Phoenix LiveView recently released a new feature called “hooks” that introduces Javascript interoperability into the LiveView lifecycle. Put simply, we can now run arbitrary Javascript every time a DOM node is changed by LiveView! LiveView hooks are a complete game changer, and open the doors to a whole new world of applications that can be built with this amazing technology.

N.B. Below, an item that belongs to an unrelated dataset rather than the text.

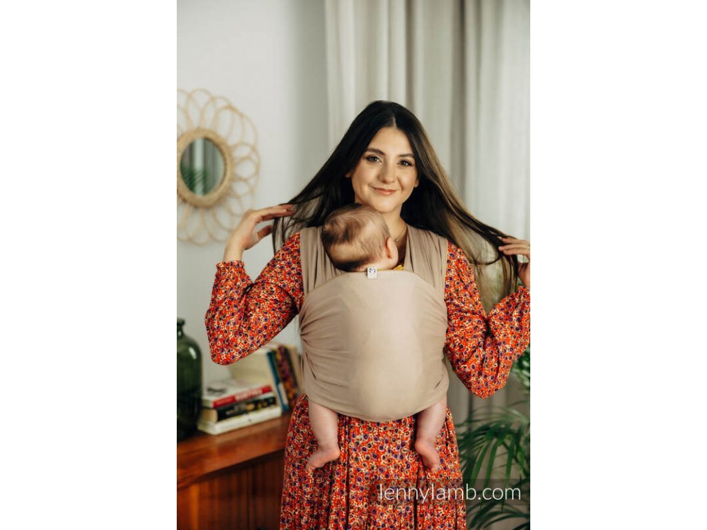 Zamilujete si jednoduchou manipulaci s ním. Předvázejte na sebe doporučený úvaz pro elastické šátky kříž s kapsou ven, šátek na sobě utáhněte a miminko jen vložte a roztáhněte popruhy, odpadá zde utahování jako u klasického šátku, proto ho doporučujeme pro začínající maminky, které si nejsou jisté manipulací s malými miminky. Další výhodou je, že šátek můžete nechat předvázaný na sobě, a tak je neustále připraven na vložení vašeho miminka.
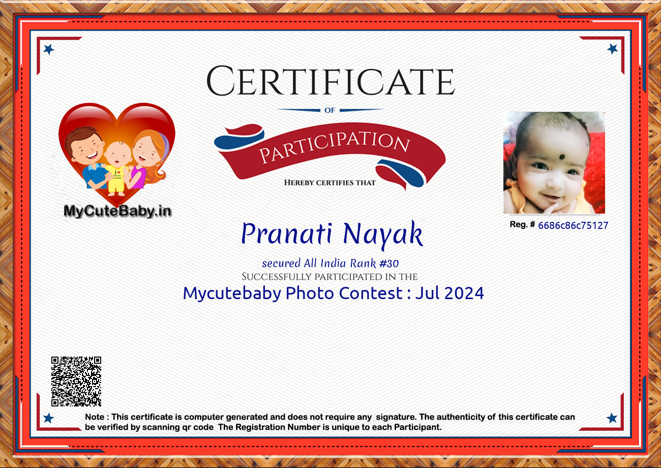 Participation certificate for all the participants whose mycutebaby votes are more than 1000.

As a proof of concept, let’s use LiveView hooks to animate an HTML5 canvas in real time using data provided by the server!
Getting Set Up
To keep this article short(er), we’ll skip the rigmarole of configuring your application to use LiveView. If you need help with this step, I highly recommend you check out Sophie DeBenedetto’s thorough walkthrough. Be sure to cross reference with the official documentation, as things are moving quickly in the LiveView world.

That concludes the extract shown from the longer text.